> **Data excerpt**:
+++++

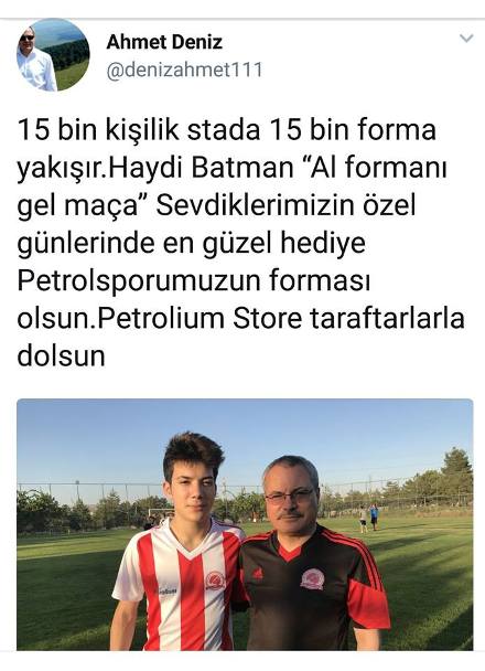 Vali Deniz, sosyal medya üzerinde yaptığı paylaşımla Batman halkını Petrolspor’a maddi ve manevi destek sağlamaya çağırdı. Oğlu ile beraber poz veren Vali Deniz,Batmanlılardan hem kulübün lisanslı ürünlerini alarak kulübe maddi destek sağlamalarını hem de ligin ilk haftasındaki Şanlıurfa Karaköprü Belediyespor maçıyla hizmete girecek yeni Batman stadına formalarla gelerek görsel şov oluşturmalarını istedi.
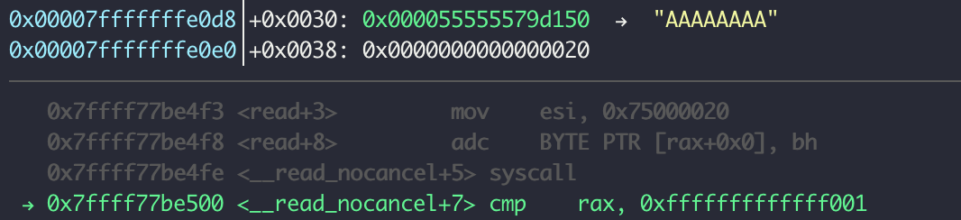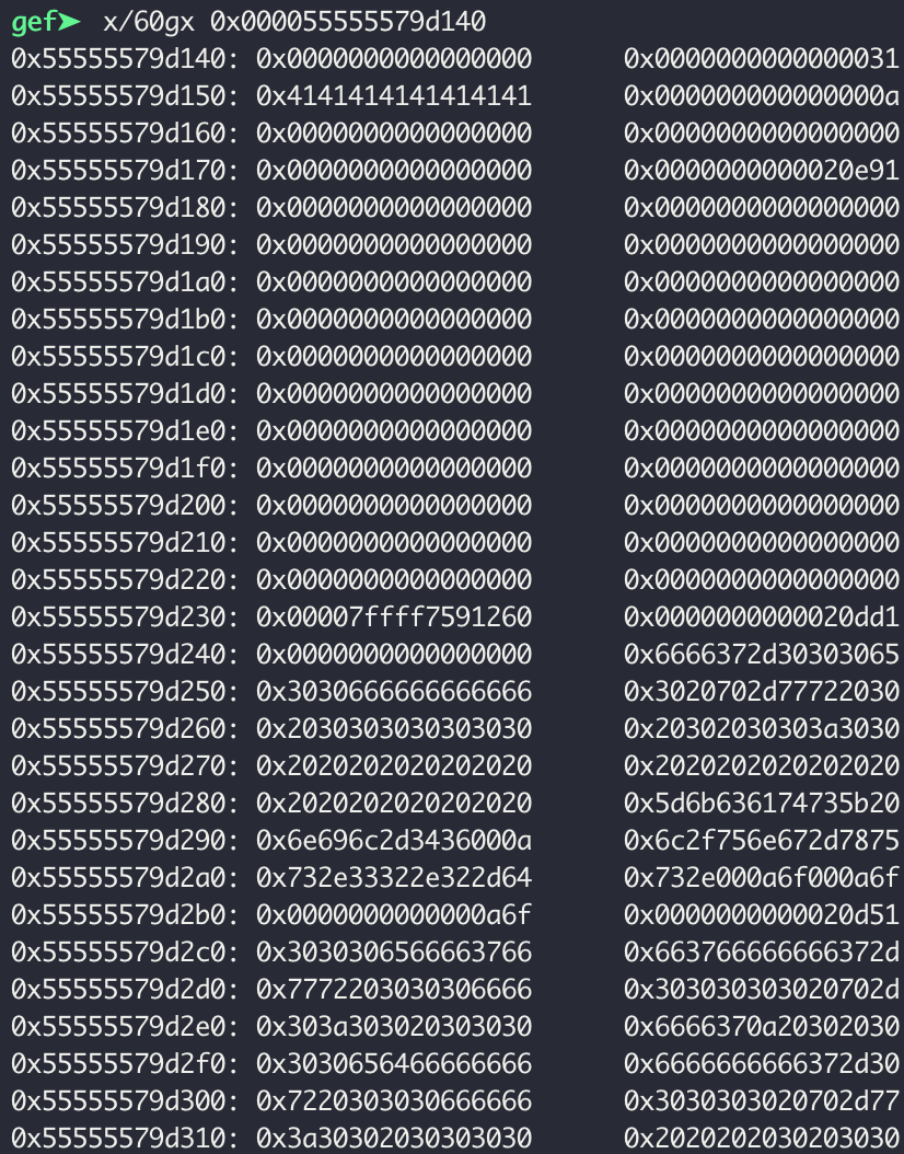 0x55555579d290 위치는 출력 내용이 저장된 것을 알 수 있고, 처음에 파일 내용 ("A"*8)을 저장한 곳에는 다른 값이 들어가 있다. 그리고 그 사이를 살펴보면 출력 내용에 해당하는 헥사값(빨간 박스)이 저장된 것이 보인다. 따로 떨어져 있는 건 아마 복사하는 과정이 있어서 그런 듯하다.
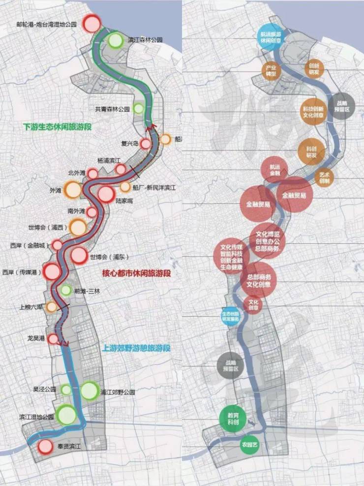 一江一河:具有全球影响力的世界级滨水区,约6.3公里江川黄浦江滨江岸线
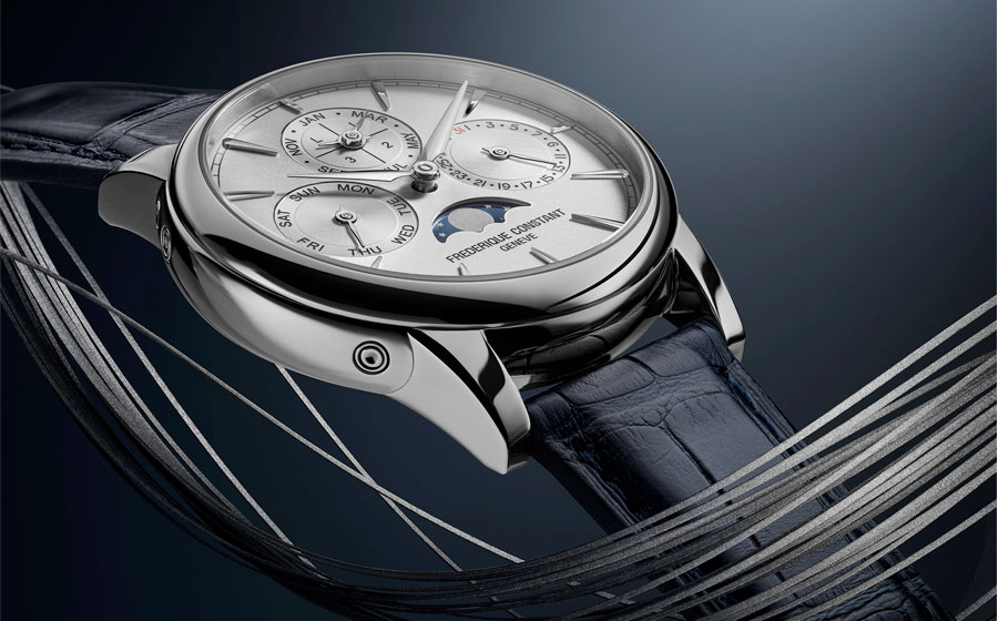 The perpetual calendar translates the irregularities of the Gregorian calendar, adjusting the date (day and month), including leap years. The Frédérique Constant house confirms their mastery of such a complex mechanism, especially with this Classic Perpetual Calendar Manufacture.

+++++

> **Work request**: Retype all the material word for word while skipping any picture it contains.

> **Output for this task**:
 Vali Deniz, sosyal medya üzerinde yaptığı paylaşımla Batman halkını Petrolspor’a maddi ve manevi destek sağlamaya çağırdı. Oğlu ile beraber poz veren Vali Deniz,Batmanlılardan hem kulübün lisanslı ürünlerini alarak kulübe maddi destek sağlamalarını hem de ligin ilk haftasındaki Şanlıurfa Karaköprü Belediyespor maçıyla hizmete girecek yeni Batman stadına formalarla gelerek görsel şov oluşturmalarını istedi.
 0x55555579d290 위치는 출력 내용이 저장된 것을 알 수 있고, 처음에 파일 내용 ("A"*8)을 저장한 곳에는 다른 값이 들어가 있다. 그리고 그 사이를 살펴보면 출력 내용에 해당하는 헥사값(빨간 박스)이 저장된 것이 보인다. 따로 떨어져 있는 건 아마 복사하는 과정이 있어서 그런 듯하다.
 一江一河:具有全球影响力的世界级滨水区,约6.3公里江川黄浦江滨江岸线
 The perpetual calendar translates the irregularities of the Gregorian calendar, adjusting the date (day and month), including leap years. The Frédérique Constant house confirms their mastery of such a complex mechanism, especially with this Classic Perpetual Calendar Manufacture.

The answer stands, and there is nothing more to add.